Exercise: Without omitting anything, write out the listing below precisely.
Data provided Block Start
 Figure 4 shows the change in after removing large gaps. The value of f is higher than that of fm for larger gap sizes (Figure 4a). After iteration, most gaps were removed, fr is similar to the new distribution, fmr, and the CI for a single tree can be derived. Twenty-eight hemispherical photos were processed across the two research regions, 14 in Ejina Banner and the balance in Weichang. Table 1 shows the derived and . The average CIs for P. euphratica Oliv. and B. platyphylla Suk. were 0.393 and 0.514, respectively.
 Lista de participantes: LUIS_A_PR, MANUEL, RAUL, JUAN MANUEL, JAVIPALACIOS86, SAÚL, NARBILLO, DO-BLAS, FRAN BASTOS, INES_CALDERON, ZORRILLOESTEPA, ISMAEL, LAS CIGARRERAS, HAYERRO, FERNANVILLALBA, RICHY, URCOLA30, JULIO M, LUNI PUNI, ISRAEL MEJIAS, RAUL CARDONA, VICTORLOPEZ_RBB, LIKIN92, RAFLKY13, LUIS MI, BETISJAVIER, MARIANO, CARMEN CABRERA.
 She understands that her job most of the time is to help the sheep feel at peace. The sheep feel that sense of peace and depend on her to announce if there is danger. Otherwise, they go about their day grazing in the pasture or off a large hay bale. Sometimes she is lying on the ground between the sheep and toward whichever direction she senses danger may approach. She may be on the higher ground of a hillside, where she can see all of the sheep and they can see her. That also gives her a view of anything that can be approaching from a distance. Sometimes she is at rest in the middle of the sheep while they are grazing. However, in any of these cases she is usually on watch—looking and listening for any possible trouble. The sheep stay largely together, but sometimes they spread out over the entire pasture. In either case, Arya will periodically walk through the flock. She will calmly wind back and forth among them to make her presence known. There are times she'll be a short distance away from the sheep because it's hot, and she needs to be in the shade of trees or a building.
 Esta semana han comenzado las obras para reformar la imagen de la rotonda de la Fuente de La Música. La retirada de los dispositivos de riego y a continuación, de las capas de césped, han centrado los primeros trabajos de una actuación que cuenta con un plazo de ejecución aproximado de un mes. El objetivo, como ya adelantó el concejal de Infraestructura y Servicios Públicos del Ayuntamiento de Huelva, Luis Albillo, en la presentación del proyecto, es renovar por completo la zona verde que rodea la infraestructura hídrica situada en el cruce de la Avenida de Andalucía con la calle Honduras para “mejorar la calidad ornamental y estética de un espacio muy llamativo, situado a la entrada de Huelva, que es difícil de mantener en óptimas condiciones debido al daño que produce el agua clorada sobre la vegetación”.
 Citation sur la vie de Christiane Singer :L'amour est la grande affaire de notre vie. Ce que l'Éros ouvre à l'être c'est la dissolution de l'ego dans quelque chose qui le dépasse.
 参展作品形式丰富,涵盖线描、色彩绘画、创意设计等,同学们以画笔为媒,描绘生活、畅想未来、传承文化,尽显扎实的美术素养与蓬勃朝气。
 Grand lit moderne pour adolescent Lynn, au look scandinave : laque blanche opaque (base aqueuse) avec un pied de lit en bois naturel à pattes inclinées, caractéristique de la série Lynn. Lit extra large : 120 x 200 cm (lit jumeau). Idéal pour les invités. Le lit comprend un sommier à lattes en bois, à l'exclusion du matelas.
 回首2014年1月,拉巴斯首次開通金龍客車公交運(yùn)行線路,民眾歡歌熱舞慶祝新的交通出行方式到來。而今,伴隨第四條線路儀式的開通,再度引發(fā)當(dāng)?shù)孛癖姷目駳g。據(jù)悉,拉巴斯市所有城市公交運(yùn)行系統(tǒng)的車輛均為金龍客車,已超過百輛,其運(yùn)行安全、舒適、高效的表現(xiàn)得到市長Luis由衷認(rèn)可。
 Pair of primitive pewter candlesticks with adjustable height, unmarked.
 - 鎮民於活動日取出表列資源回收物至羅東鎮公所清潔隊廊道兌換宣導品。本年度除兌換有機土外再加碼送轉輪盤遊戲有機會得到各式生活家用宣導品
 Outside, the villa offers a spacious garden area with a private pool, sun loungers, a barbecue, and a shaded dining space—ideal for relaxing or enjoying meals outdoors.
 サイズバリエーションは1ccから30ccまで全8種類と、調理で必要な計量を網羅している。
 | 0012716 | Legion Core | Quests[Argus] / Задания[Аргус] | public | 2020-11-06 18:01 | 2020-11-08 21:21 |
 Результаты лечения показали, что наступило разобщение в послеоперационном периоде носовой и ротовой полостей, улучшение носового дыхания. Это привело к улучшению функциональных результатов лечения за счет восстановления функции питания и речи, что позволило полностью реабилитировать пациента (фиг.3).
Data provided Block End
Written solution:
 Figure 4 shows the change in after removing large gaps. The value of f is higher than that of fm for larger gap sizes (Figure 4a). After iteration, most gaps were removed, fr is similar to the new distribution, fmr, and the CI for a single tree can be derived. Twenty-eight hemispherical photos were processed across the two research regions, 14 in Ejina Banner and the balance in Weichang. Table 1 shows the derived and . The average CIs for P. euphratica Oliv. and B. platyphylla Suk. were 0.393 and 0.514, respectively.
 Lista de participantes: LUIS_A_PR, MANUEL, RAUL, JUAN MANUEL, JAVIPALACIOS86, SAÚL, NARBILLO, DO-BLAS, FRAN BASTOS, INES_CALDERON, ZORRILLOESTEPA, ISMAEL, LAS CIGARRERAS, HAYERRO, FERNANVILLALBA, RICHY, URCOLA30, JULIO M, LUNI PUNI, ISRAEL MEJIAS, RAUL CARDONA, VICTORLOPEZ_RBB, LIKIN92, RAFLKY13, LUIS MI, BETISJAVIER, MARIANO, CARMEN CABRERA.
 She understands that her job most of the time is to help the sheep feel at peace. The sheep feel that sense of peace and depend on her to announce if there is danger. Otherwise, they go about their day grazing in the pasture or off a large hay bale. Sometimes she is lying on the ground between the sheep and toward whichever direction she senses danger may approach. She may be on the higher ground of a hillside, where she can see all of the sheep and they can see her. That also gives her a view of anything that can be approaching from a distance. Sometimes she is at rest in the middle of the sheep while they are grazing. However, in any of these cases she is usually on watch—looking and listening for any possible trouble. The sheep stay largely together, but sometimes they spread out over the entire pasture. In either case, Arya will periodically walk through the flock. She will calmly wind back and forth among them to make her presence known. There are times she'll be a short distance away from the sheep because it's hot, and she needs to be in the shade of trees or a building.
 Esta semana han comenzado las obras para reformar la imagen de la rotonda de la Fuente de La Música. La retirada de los dispositivos de riego y a continuación, de las capas de césped, han centrado los primeros trabajos de una actuación que cuenta con un plazo de ejecución aproximado de un mes. El objetivo, como ya adelantó el concejal de Infraestructura y Servicios Públicos del Ayuntamiento de Huelva, Luis Albillo, en la presentación del proyecto, es renovar por completo la zona verde que rodea la infraestructura hídrica situada en el cruce de la Avenida de Andalucía con la calle Honduras para “mejorar la calidad ornamental y estética de un espacio muy llamativo, situado a la entrada de Huelva, que es difícil de mantener en óptimas condiciones debido al daño que produce el agua clorada sobre la vegetación”.
 Citation sur la vie de Christiane Singer :L'amour est la grande affaire de notre vie. Ce que l'Éros ouvre à l'être c'est la dissolution de l'ego dans quelque chose qui le dépasse.
 参展作品形式丰富,涵盖线描、色彩绘画、创意设计等,同学们以画笔为媒,描绘生活、畅想未来、传承文化,尽显扎实的美术素养与蓬勃朝气。
 Grand lit moderne pour adolescent Lynn, au look scandinave : laque blanche opaque (base aqueuse) avec un pied de lit en bois naturel à pattes inclinées, caractéristique de la série Lynn. Lit extra large : 120 x 200 cm (lit jumeau). Idéal pour les invités. Le lit comprend un sommier à lattes en bois, à l'exclusion du matelas.
 回首2014年1月,拉巴斯首次開通金龍客車公交運(yùn)行線路,民眾歡歌熱舞慶祝新的交通出行方式到來。而今,伴隨第四條線路儀式的開通,再度引發(fā)當(dāng)?shù)孛癖姷目駳g。據(jù)悉,拉巴斯市所有城市公交運(yùn)行系統(tǒng)的車輛均為金龍客車,已超過百輛,其運(yùn)行安全、舒適、高效的表現(xiàn)得到市長Luis由衷認(rèn)可。
 Pair of primitive pewter candlesticks with adjustable height, unmarked.
 - 鎮民於活動日取出表列資源回收物至羅東鎮公所清潔隊廊道兌換宣導品。本年度除兌換有機土外再加碼送轉輪盤遊戲有機會得到各式生活家用宣導品
 Outside, the villa offers a spacious garden area with a private pool, sun loungers, a barbecue, and a shaded dining space—ideal for relaxing or enjoying meals outdoors.
 サイズバリエーションは1ccから30ccまで全8種類と、調理で必要な計量を網羅している。
 | 0012716 | Legion Core | Quests[Argus] / Задания[Аргус] | public | 2020-11-06 18:01 | 2020-11-08 21:21 |
 Результаты лечения показали, что наступило разобщение в послеоперационном периоде носовой и ротовой полостей, улучшение носового дыхания. Это привело к улучшению функциональных результатов лечения за счет восстановления функции питания и речи, что позволило полностью реабилитировать пациента (фиг.3).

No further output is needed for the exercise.